(Beginning of Extracted material)

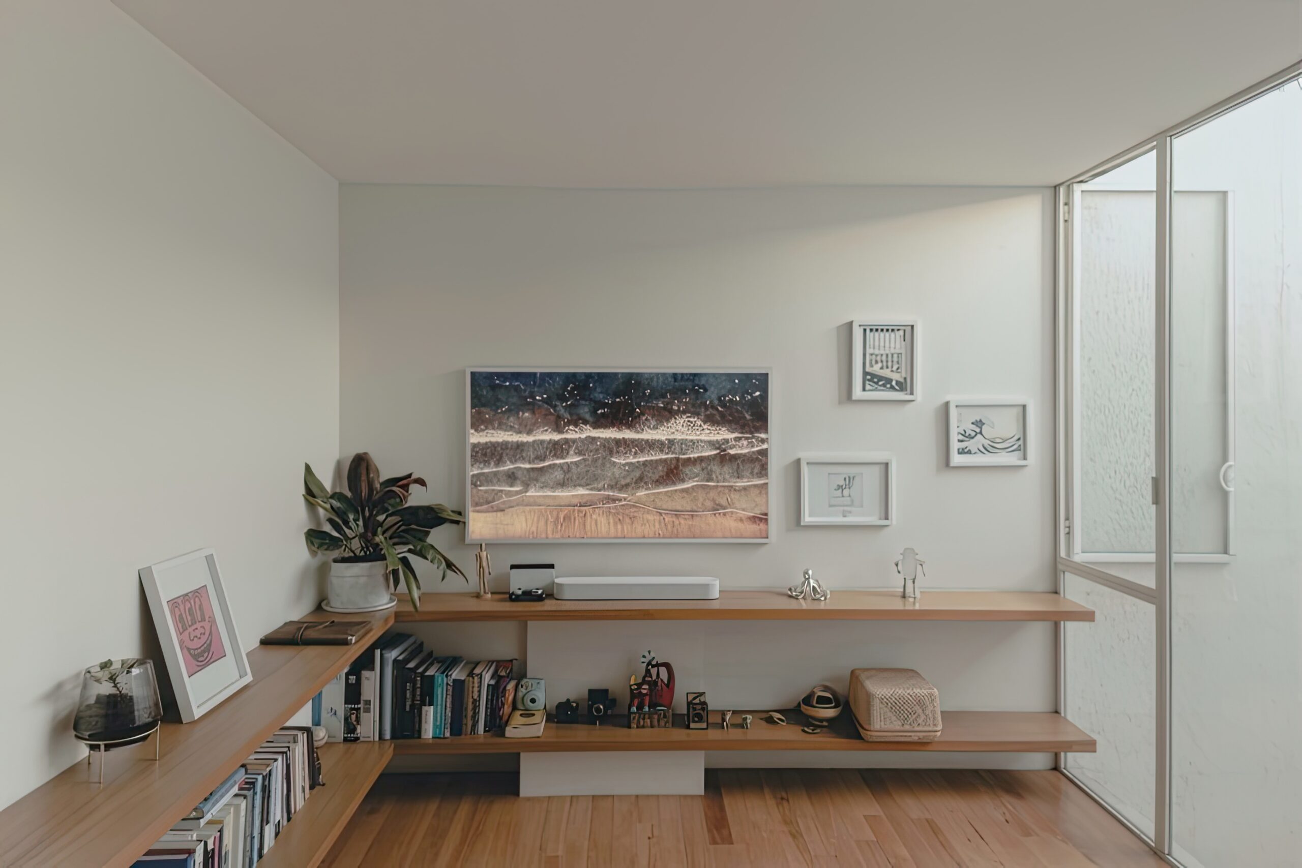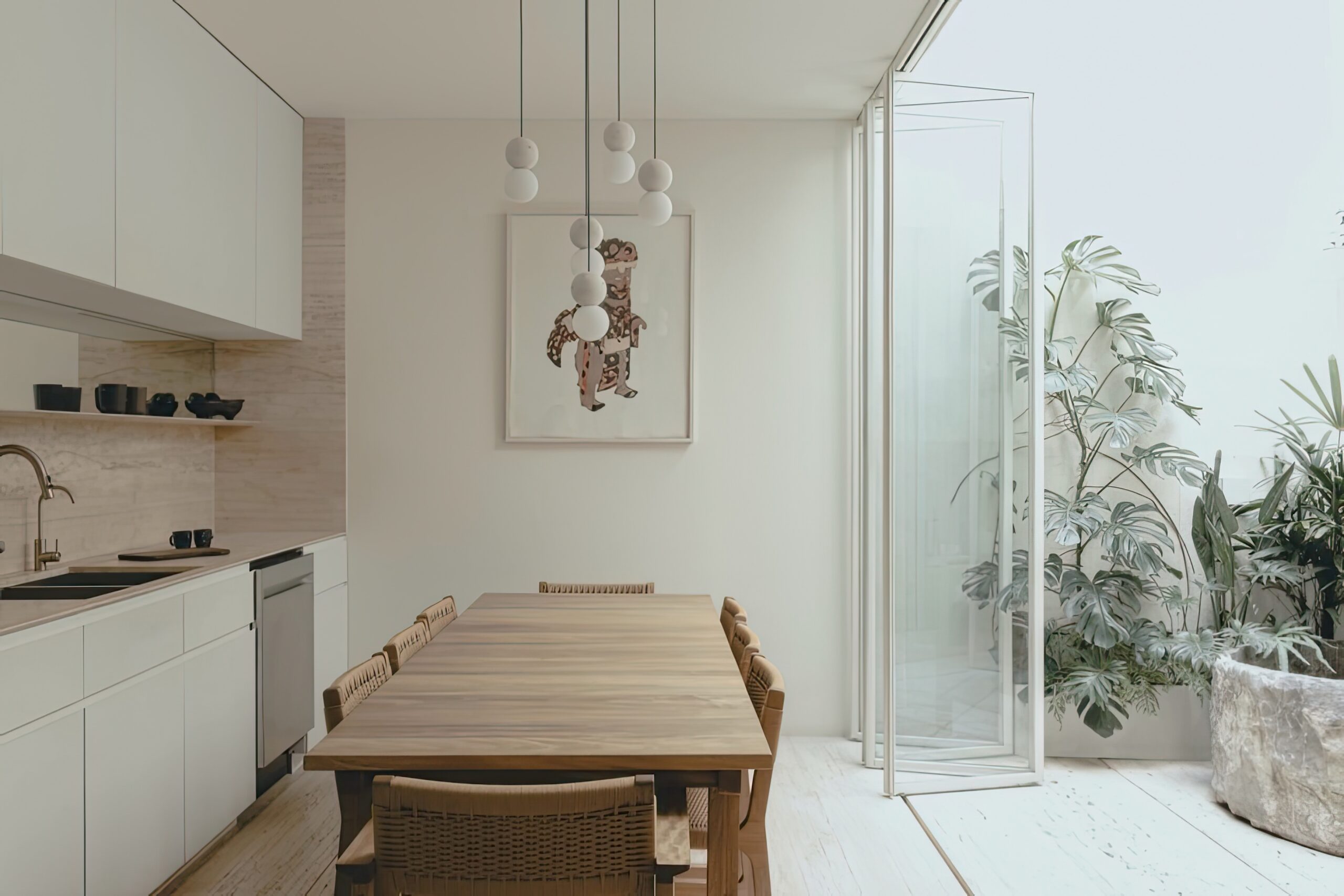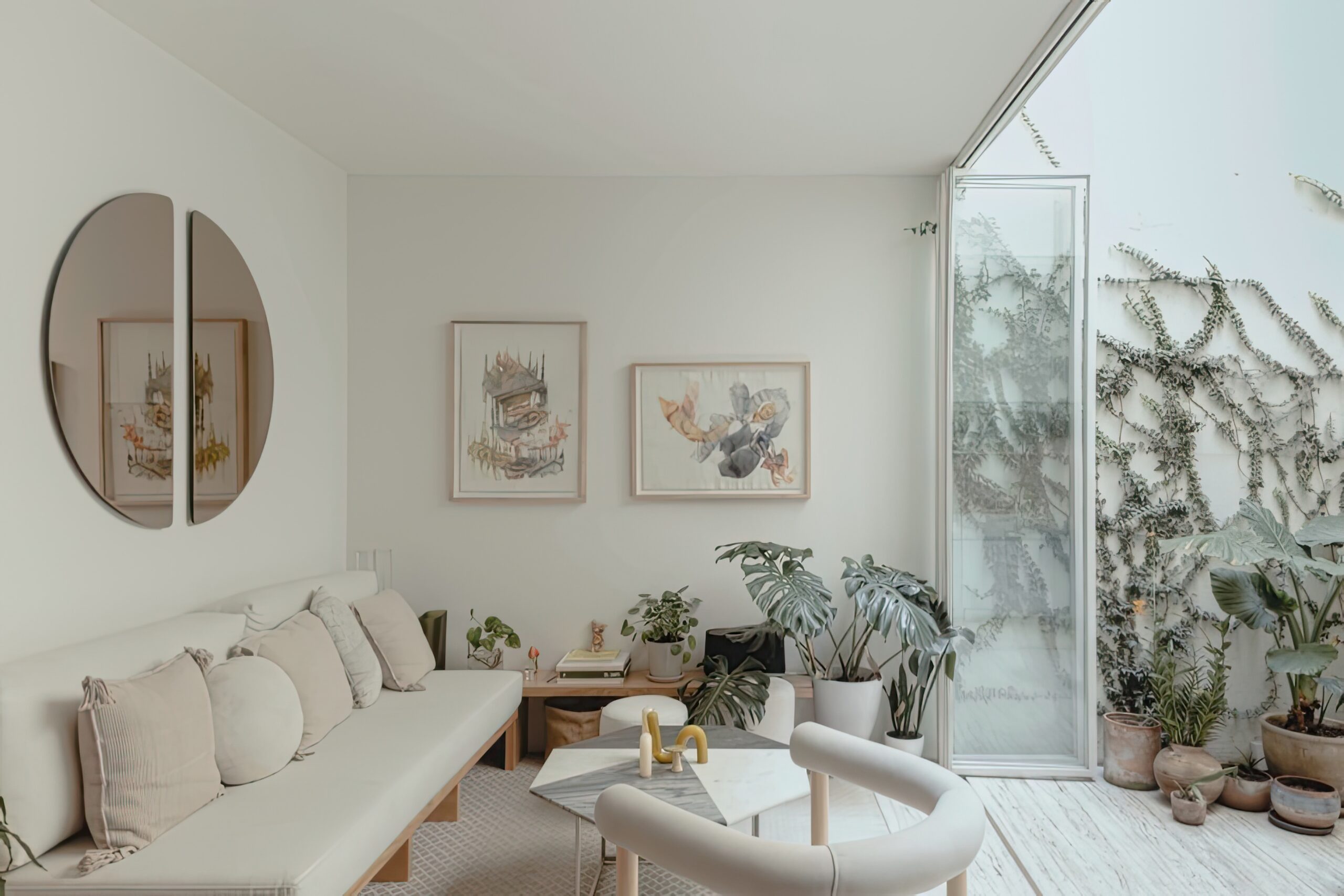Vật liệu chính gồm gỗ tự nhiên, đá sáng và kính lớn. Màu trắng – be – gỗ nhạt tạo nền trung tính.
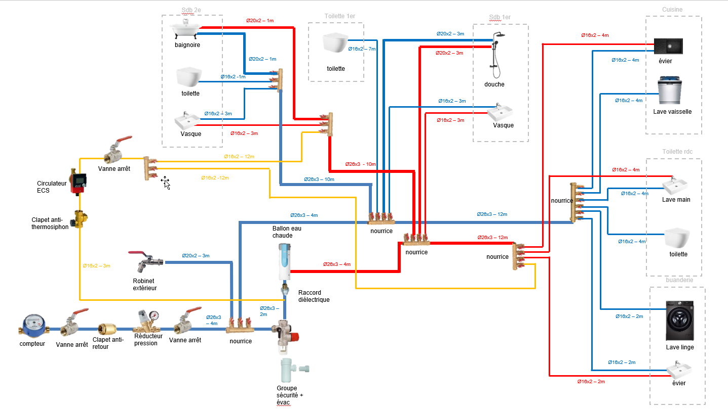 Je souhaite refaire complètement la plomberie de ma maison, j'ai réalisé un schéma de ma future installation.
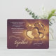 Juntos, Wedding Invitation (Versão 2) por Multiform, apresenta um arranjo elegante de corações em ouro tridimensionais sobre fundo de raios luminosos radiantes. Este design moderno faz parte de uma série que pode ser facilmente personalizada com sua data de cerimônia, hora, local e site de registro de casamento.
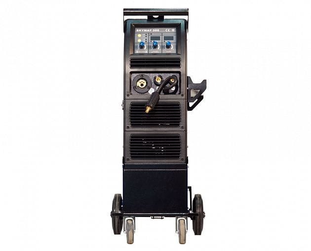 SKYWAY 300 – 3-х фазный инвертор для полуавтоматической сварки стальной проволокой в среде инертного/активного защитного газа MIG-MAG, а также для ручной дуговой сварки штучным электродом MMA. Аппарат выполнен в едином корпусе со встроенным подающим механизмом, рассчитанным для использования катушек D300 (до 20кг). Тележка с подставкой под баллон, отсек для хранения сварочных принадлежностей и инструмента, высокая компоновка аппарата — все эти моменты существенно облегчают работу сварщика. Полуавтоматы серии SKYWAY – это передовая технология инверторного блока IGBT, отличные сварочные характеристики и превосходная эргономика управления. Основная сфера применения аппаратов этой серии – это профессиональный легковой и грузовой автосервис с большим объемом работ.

(End of Extracted material)
(Beginning of Extracted material)

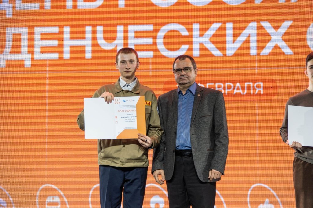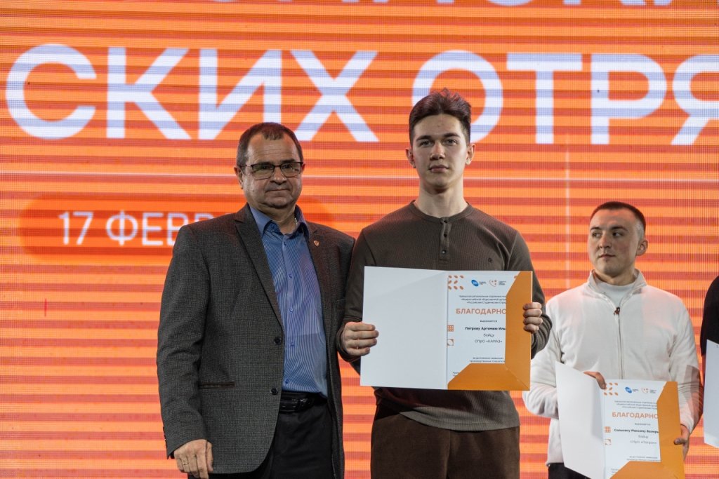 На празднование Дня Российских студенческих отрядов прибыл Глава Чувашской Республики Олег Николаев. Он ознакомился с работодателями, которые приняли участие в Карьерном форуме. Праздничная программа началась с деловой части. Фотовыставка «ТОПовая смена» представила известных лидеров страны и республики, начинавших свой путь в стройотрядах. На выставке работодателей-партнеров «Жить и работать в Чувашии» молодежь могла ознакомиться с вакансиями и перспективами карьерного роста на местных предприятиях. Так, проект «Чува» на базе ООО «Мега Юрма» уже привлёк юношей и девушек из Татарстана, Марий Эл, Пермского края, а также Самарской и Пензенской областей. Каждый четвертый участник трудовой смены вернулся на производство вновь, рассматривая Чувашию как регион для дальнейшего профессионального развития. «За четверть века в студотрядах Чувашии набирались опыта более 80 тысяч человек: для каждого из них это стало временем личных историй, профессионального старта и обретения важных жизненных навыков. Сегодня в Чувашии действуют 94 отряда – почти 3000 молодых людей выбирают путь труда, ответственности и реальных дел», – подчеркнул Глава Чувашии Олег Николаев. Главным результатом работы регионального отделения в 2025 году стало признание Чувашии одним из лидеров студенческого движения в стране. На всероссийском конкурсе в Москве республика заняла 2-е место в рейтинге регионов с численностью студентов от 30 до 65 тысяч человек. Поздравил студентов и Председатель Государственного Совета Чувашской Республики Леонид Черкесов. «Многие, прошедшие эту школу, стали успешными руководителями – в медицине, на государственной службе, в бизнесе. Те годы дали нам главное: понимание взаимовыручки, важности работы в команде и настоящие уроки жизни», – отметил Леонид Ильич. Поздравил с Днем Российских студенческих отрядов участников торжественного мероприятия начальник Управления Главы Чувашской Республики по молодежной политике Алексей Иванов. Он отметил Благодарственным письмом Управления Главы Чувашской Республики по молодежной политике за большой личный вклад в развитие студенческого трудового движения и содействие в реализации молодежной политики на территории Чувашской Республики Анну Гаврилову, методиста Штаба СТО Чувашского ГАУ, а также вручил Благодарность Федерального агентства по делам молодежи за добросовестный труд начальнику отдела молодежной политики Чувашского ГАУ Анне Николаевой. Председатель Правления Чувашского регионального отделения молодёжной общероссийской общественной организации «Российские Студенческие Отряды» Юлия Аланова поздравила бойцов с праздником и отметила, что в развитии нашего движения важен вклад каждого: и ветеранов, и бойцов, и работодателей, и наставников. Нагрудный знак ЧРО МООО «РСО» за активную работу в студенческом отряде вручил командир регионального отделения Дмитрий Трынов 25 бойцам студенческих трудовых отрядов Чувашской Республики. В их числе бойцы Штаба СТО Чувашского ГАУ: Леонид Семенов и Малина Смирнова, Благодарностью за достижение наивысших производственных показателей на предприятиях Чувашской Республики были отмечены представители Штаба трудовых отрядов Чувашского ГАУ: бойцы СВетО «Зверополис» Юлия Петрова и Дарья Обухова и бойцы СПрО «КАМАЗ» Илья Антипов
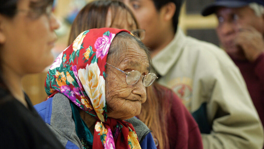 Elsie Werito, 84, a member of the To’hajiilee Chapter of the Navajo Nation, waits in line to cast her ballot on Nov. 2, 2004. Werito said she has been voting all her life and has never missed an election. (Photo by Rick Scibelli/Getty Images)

(End of Extracted material)

- **What is needed**: Going by the data above, the answer is exactly the lines from the one holding "Je souhaite refaire" to the one holding "SKYWAY 300 –", both kept, with the pictures left out.

- **Task answer**:
 Je souhaite refaire complètement la plomberie de ma maison, j'ai réalisé un schéma de ma future installation.
 Juntos, Wedding Invitation (Versão 2) por Multiform, apresenta um arranjo elegante de corações em ouro tridimensionais sobre fundo de raios luminosos radiantes. Este design moderno faz parte de uma série que pode ser facilmente personalizada com sua data de cerimônia, hora, local e site de registro de casamento.
 SKYWAY 300 – 3-х фазный инвертор для полуавтоматической сварки стальной проволокой в среде инертного/активного защитного газа MIG-MAG, а также для ручной дуговой сварки штучным электродом MMA. Аппарат выполнен в едином корпусе со встроенным подающим механизмом, рассчитанным для использования катушек D300 (до 20кг). Тележка с подставкой под баллон, отсек для хранения сварочных принадлежностей и инструмента, высокая компоновка аппарата — все эти моменты существенно облегчают работу сварщика. Полуавтоматы серии SKYWAY – это передовая технология инверторного блока IGBT, отличные сварочные характеристики и превосходная эргономика управления. Основная сфера применения аппаратов этой серии – это профессиональный легковой и грузовой автосервис с большим объемом работ.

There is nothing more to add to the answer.